▶ [Activity] Only the lines from the one with "De Cettis Zanger/Cetti's" to the end of the data below should be given again, exactly, with both ends included and pictures omitted.

▶ [Supplied information]
__________________________________________________

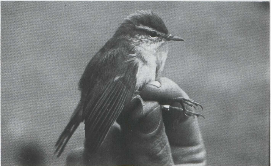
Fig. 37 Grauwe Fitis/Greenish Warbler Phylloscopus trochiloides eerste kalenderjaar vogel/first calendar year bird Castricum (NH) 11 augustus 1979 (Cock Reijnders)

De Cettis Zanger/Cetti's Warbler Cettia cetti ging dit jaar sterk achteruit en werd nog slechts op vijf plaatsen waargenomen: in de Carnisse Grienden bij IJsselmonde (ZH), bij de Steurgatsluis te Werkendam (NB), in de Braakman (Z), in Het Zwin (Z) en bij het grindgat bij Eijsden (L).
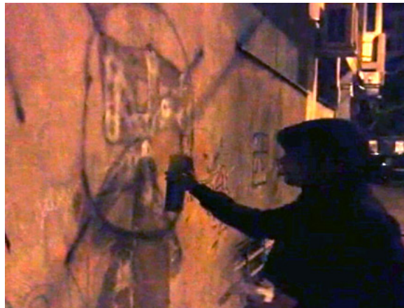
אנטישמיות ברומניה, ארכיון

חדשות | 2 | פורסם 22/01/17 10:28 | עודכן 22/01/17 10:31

__________________________________________________

▶ [Written solution]
De Cettis Zanger/Cetti's Warbler Cettia cetti ging dit jaar sterk achteruit en werd nog slechts op vijf plaatsen waargenomen: in de Carnisse Grienden bij IJsselmonde (ZH), bij de Steurgatsluis te Werkendam (NB), in de Braakman (Z), in Het Zwin (Z) en bij het grindgat bij Eijsden (L).
אנטישמיות ברומניה, ארכיון

חדשות | 2 | פורסם 22/01/17 10:28 | עודכן 22/01/17 10:31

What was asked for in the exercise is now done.